== Segment start ==

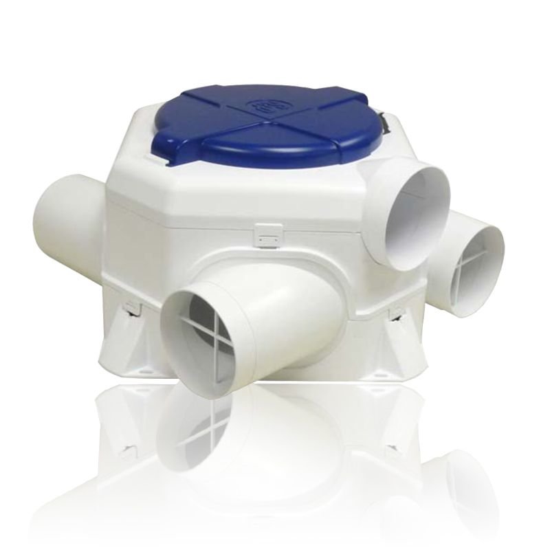 Вентилятор состоит из пластикового корпуса с четырьмя всасывающими патрубками и одним нагнетательным, все патрубки имеют диаметр 125 мм. В комплекте с вентилятором поставляются три заглушки, которыми можно закрыть всасывающие патрубки, если нет необходимости использовать все четыре вытяжных канала.
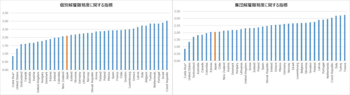 同社の調査によると、2020年度におけるOECD諸国42カ国における個別解雇難易度において、日本は26位、集団解雇難易度では33位に位置しています。これらの数値から、日本の解雇規制は意外にも緩やかであると言えます。
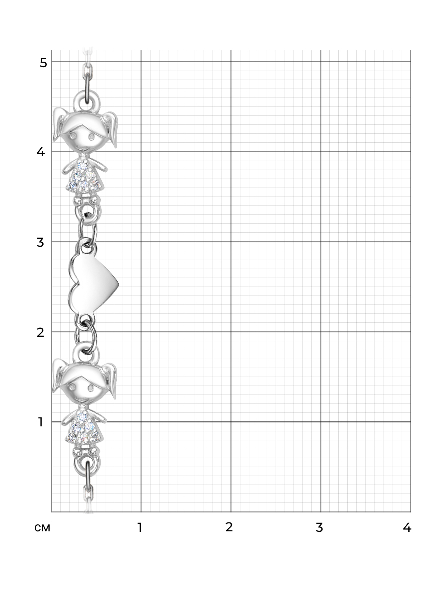 Браслет Две Девочки выполнен из серебра 925 пробы с родиевым покрытием. Характеристики. Вставка 9 недрагоценных бесцветных фианитов 1мм огранка круг. Длина декоративной части 40мм, высота 7мм. Замок шпрингельный. Есть возможность удлинить браслет на 30мм. Берегите изделие от воздействия влаги, любых спиртосодержащих растворов и жидкостей, а также парфюма. Для ухода и чистки желательно использовать специальные салфетки для серебра. Приятным дополнением к ювелирному украшению является фирменная упаковка. Значения веса и габаритов в характеристиках являются примерными и могут отличаться от фактических.
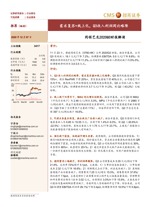 【海通证券】【20201207】社会服务:同程艺龙2020Q3财报解读-需求复苏+线上化,Q3收入利润同比略降-4页
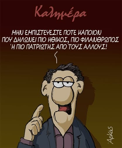Μας ζάλισαν με τη συνέντευξη Σαμαρά. Είπε τούτο είπε εκείνο είπε το άλλο. Λες και διαφέρει από τον σύζυγο της Μαρέβας. Εγώ θα συνεχίσω να γράφω, ότι το μόνο προσόν που εκτιμώ σε έναν πωλητικό είναι το ήθος. Και ο Αντώνης δεν έχει. Δεν θα θυμίσω την πορδυπουργική εντολή στη Δικαιοσύνη «πες στον ψηλό, τον Παναθηναϊκάκια οι επόμενοι τρεις που θα πάνε να τους γ…».
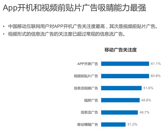 据 InMobi 发布的《2018 中国移动互联网用户行为洞察报告》显示:APP 开屏广告最具吸睛能力,用户对其关注度最高,可高达 61.1%。
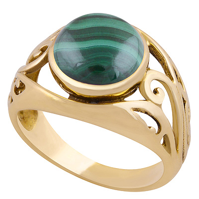 Alluring Jali Pattern Around Malachite Round Shape Solid Brass Men's Ring
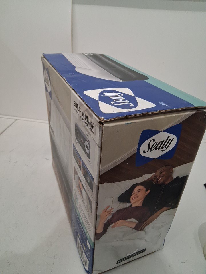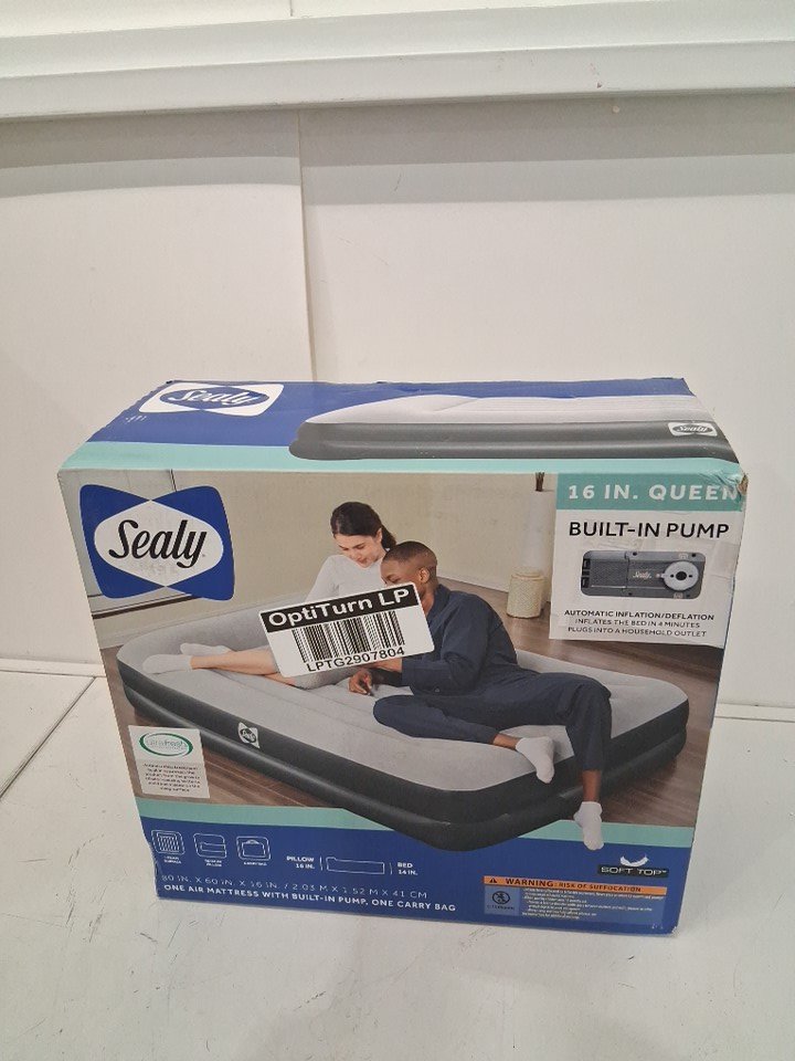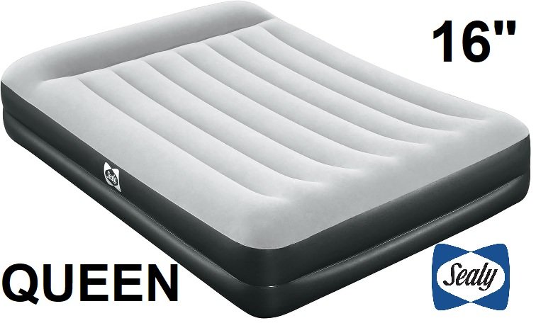 sealy Internal I-Beam Airbed with Built-In air pump and pillow headrest - queen/16" - black/white (model: 94052e)
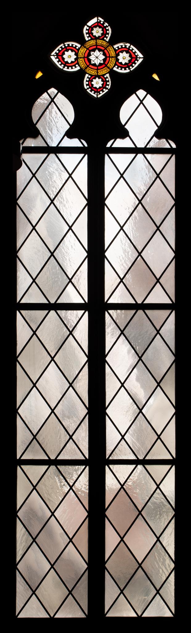 Zweilanzettiges Masswerkfenster mit blanker Rautenverglasung, im farbig gestalteten Couronnement (Vierpass) stilisierte Blüten und Ornamente. Identisch mit gegenüberliegendem Fenster s VI.
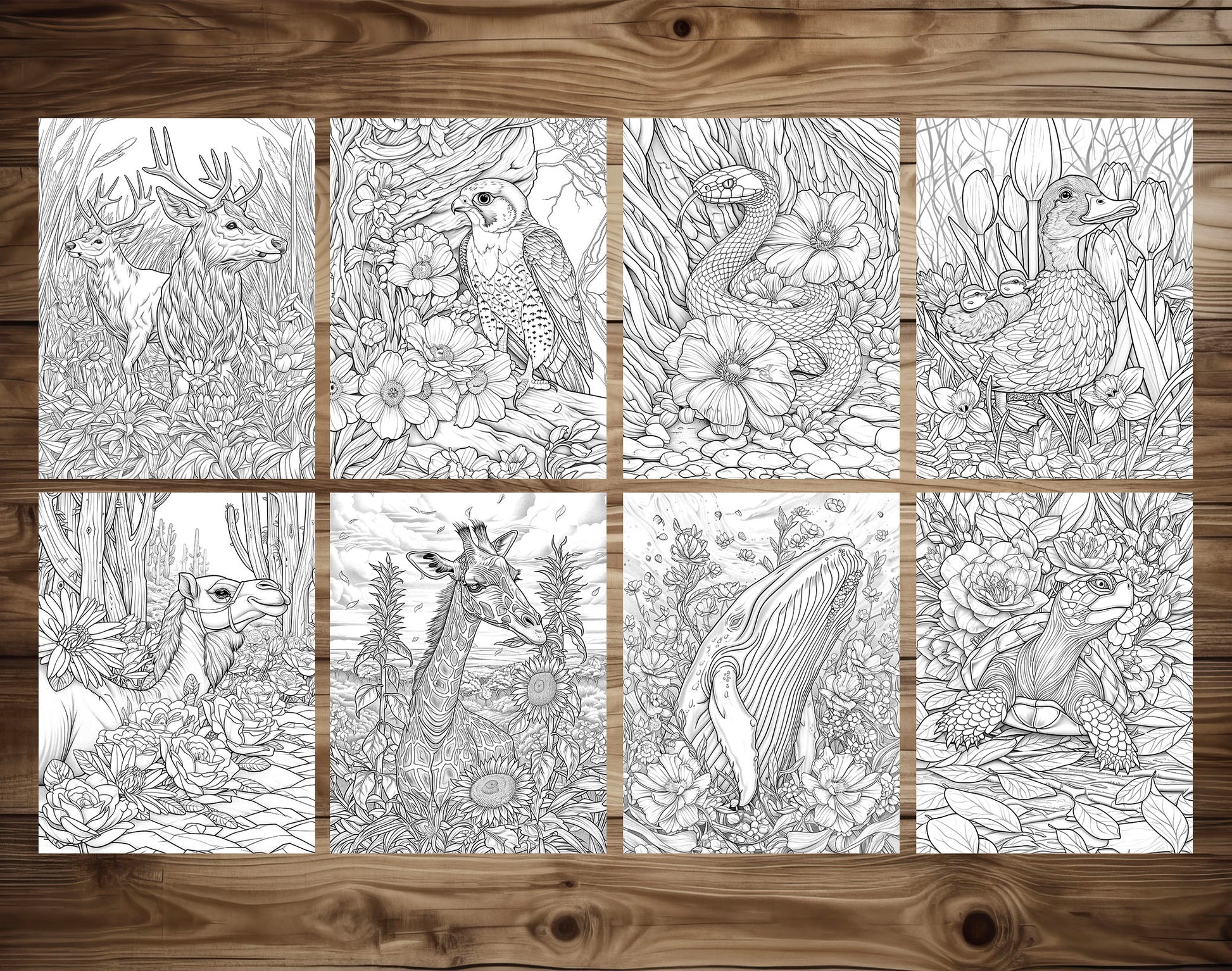 Immerse yourself in the harmonious world of "50 Animals & Flowers Coloring Pages." This delightful collection invites you to explore the beauty of nature, where animals and flowers coexist in captivating scenes, providing a perfect blend of relaxation and creativity.

== Segment end ==

Prompt
Begin at the first line of the records and please reproduce every line exactly through the one containing "同社の調査によると、2020", leaving all pictures out.

Expected answer
 Вентилятор состоит из пластикового корпуса с четырьмя всасывающими патрубками и одним нагнетательным, все патрубки имеют диаметр 125 мм. В комплекте с вентилятором поставляются три заглушки, которыми можно закрыть всасывающие патрубки, если нет необходимости использовать все четыре вытяжных канала.
 同社の調査によると、2020年度におけるOECD諸国42カ国における個別解雇難易度において、日本は26位、集団解雇難易度では33位に位置しています。これらの数値から、日本の解雇規制は意外にも緩やかであると言えます。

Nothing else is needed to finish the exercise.